The input:
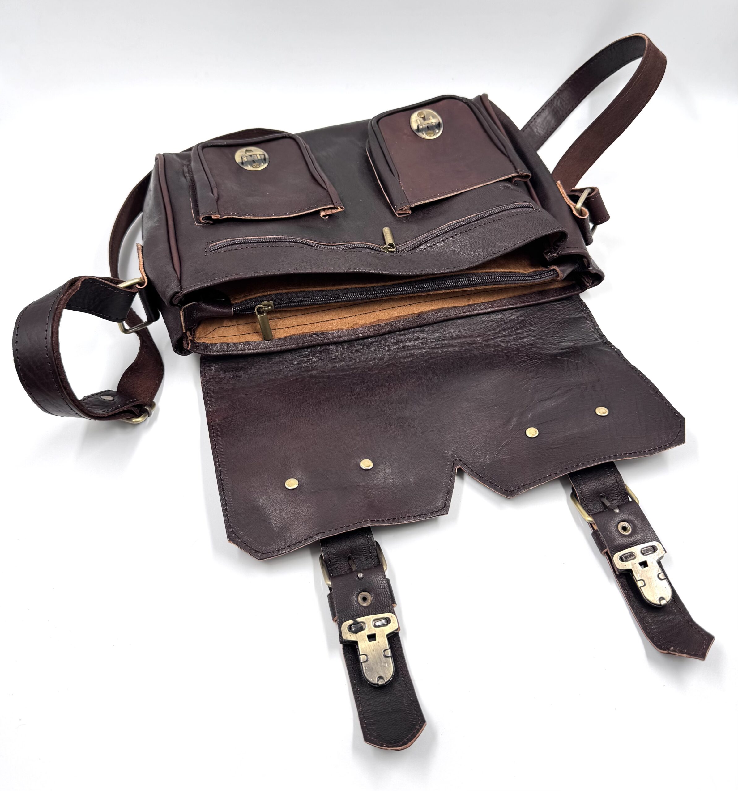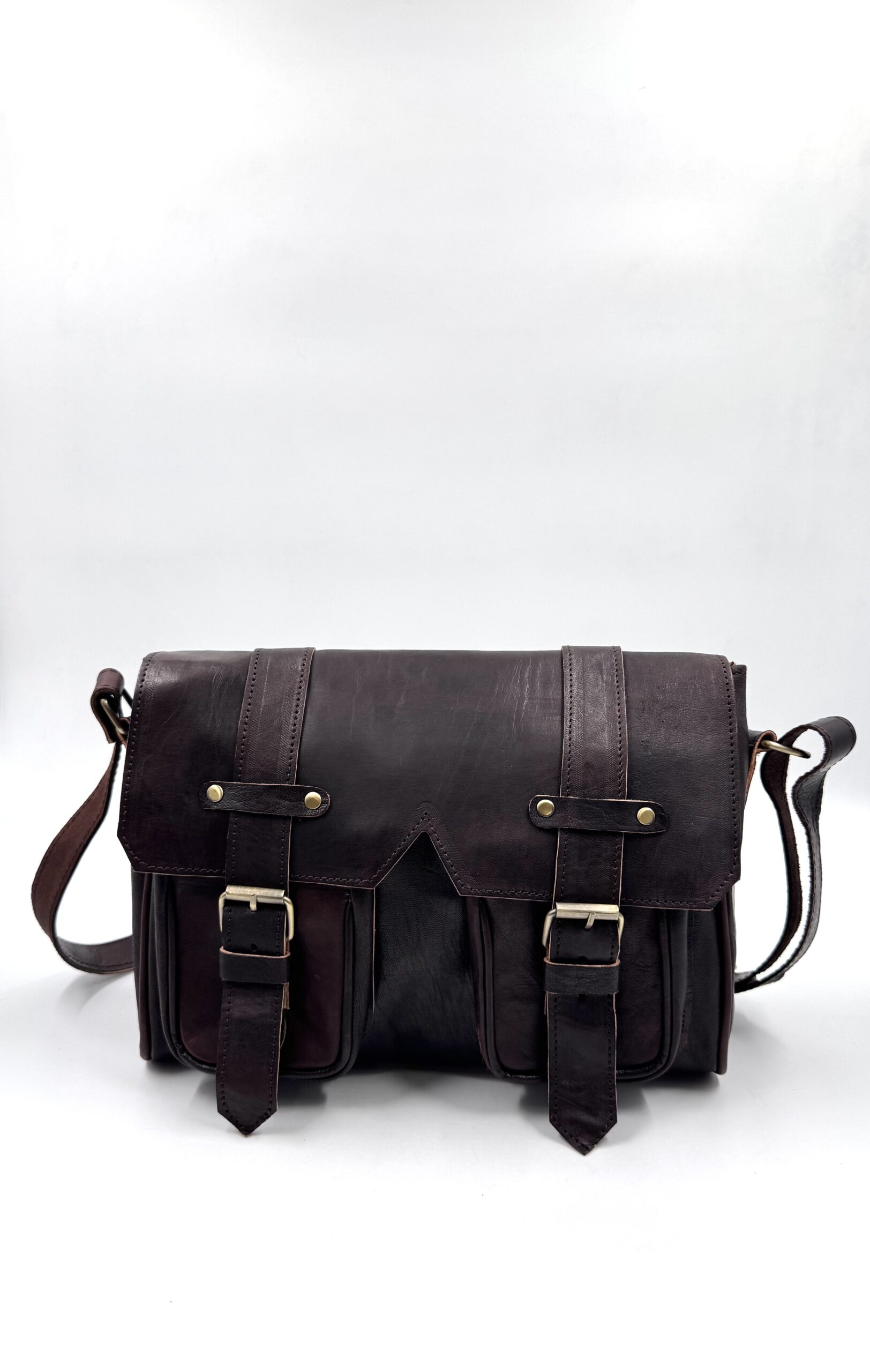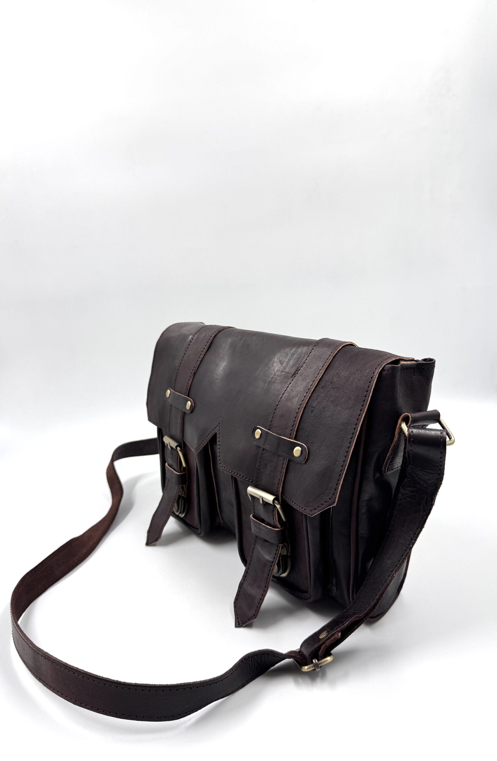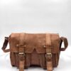 Унисекс винтидж чанта през рамо от естествена кожа в тъмнокафяв цвят.
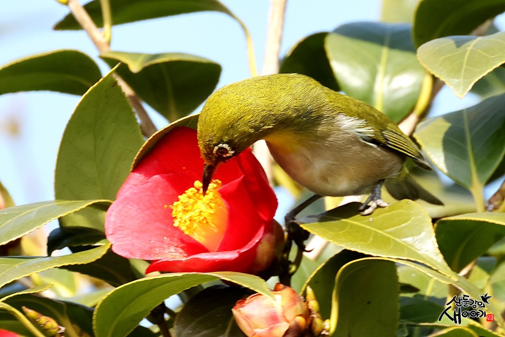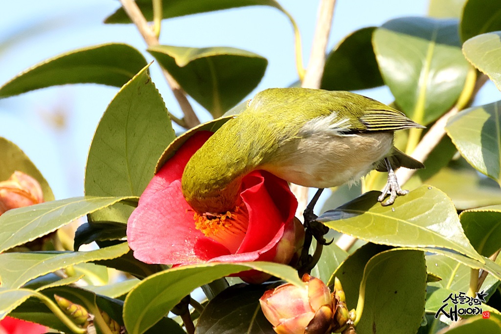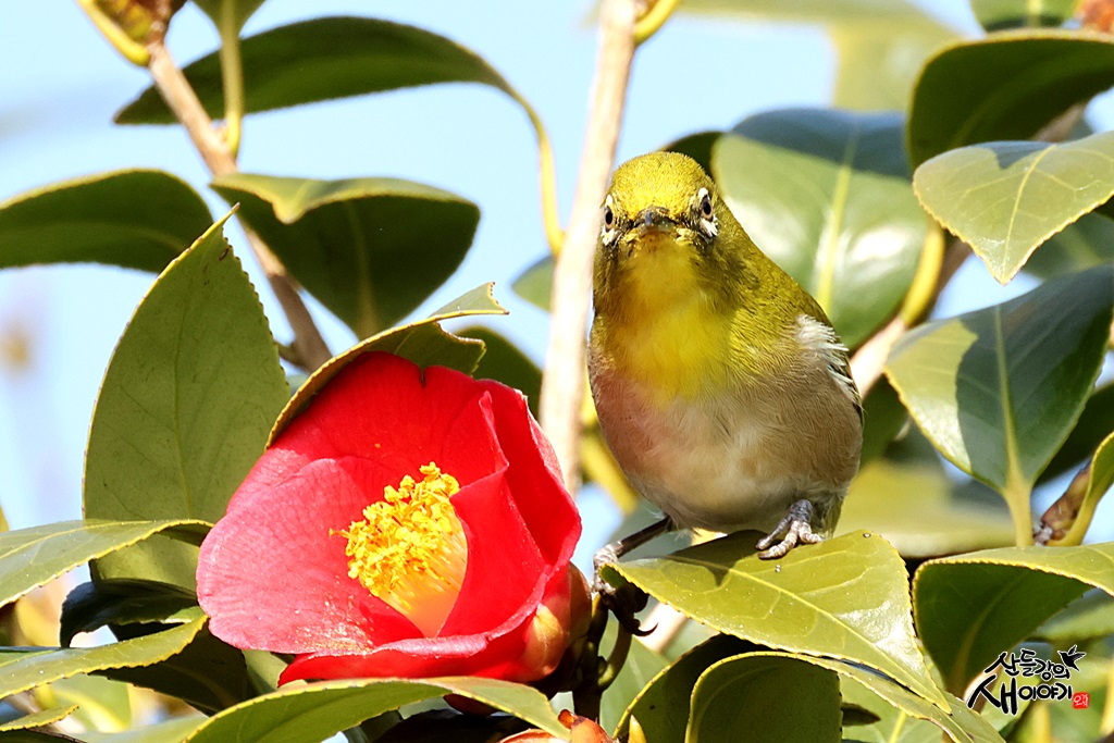 제주특별자치도 서귀포시 남원읍의 도로 가에 피어있는 동백나무의 동백꽃에서 꿀을 먹는 동박새를 만났습니다.
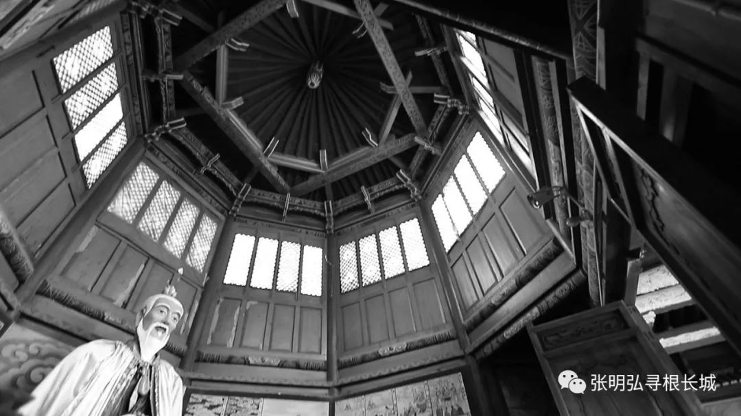 祖师殿是八角斗拱中空结构,内部供奉太上老君。北东西三墙,满满绘制了太上老君八十一化的图说。
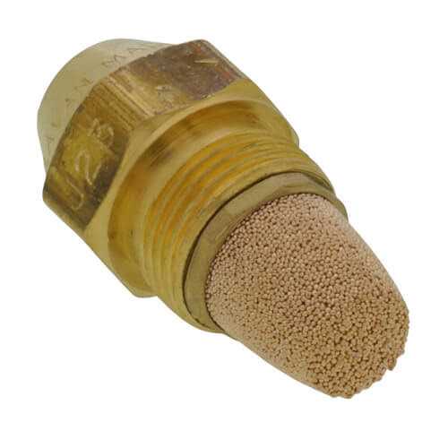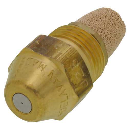 The DELAVAN 1.00 70A Oil Nozzle has a stainless-steel, hollow orifice and features a brass body. Type A-nozzles are mainly used on burners with a hollow cone air pattern and for through puts up to 2.00 GPH. The droplet distribution is concentrated on the outside of the cone and results in good ignition and low-noise combustion. This boiler replacement part is compatible with an oil-burning appliance.
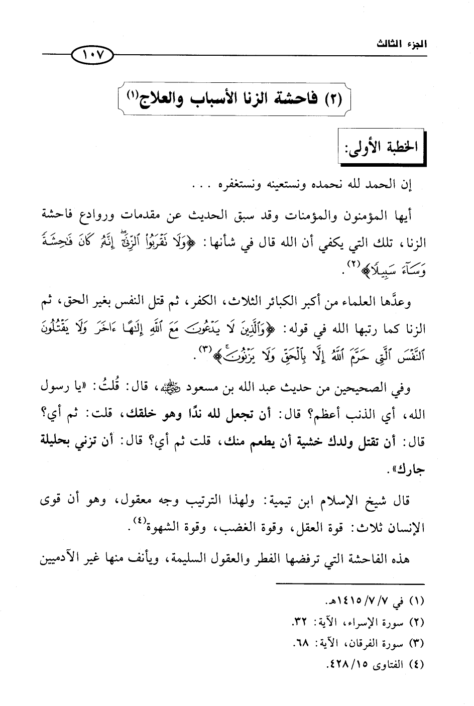 (2) فاحشة الزنا الأسباب والعلاج (¬1)
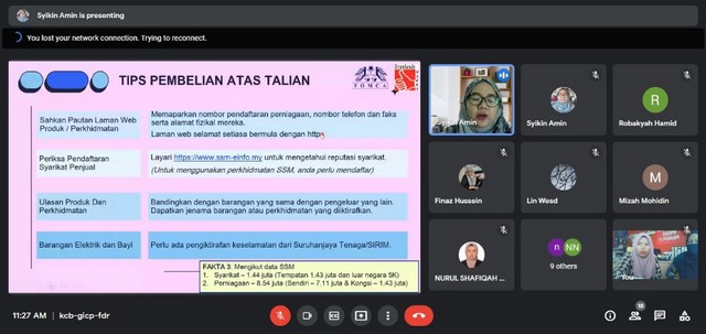 13 Jun 2022 | Aktiviti TerkiniPada 12 Jun 2022, telah diadakan Program Webinar Pemerkasaan Pengguna 2022 anjuran FOMCA dengan kerjasama PEDi Felda Pasoh 2. Program ini bermula dari jam 11.00 pagi hingga 12.30 tengah hari. Program ini diadakan bertujuan memberi kesedaran kepada pengguna untuk berbelanja dengan bijak dan membuat pilihan yang bijak sebagai pengguna. Talk ini telah disampaikan oleh Puan Norashikin binti Aminudin,Wakil FOMCA. Antara topik yang disampaikan adalah penerangan mengenai hak-hak dan tanggungjawab pengguna, ciri-ciri pengguna yang lestari, kenali ciri utama “online scammer dan bantuan khidmat nasihat untuk pengguna. Di samping itu, Puan Norashikin turut memaparkan video-video mengenai kesederan hak pengguna dan situasi penipuan yang sering terjadi kepada pengguna. PEDi mengucapkan terima kasih kepada pihak FOMCA atas kerjasama dan semoga peserta mendapat menfaat daripada webinar ini dan menjadi pengguna yang bijak.

Work instructions: All lines from the line with "(2) فاحشة الزنا الأسباب والعلاج (¬1)" through the final line of the listing are to be printed exactly, both ends included; the pictures are not.

Your solution:
 (2) فاحشة الزنا الأسباب والعلاج (¬1)
 13 Jun 2022 | Aktiviti TerkiniPada 12 Jun 2022, telah diadakan Program Webinar Pemerkasaan Pengguna 2022 anjuran FOMCA dengan kerjasama PEDi Felda Pasoh 2. Program ini bermula dari jam 11.00 pagi hingga 12.30 tengah hari. Program ini diadakan bertujuan memberi kesedaran kepada pengguna untuk berbelanja dengan bijak dan membuat pilihan yang bijak sebagai pengguna. Talk ini telah disampaikan oleh Puan Norashikin binti Aminudin,Wakil FOMCA. Antara topik yang disampaikan adalah penerangan mengenai hak-hak dan tanggungjawab pengguna, ciri-ciri pengguna yang lestari, kenali ciri utama “online scammer dan bantuan khidmat nasihat untuk pengguna. Di samping itu, Puan Norashikin turut memaparkan video-video mengenai kesederan hak pengguna dan situasi penipuan yang sering terjadi kepada pengguna. PEDi mengucapkan terima kasih kepada pihak FOMCA atas kerjasama dan semoga peserta mendapat menfaat daripada webinar ini dan menjadi pengguna yang bijak.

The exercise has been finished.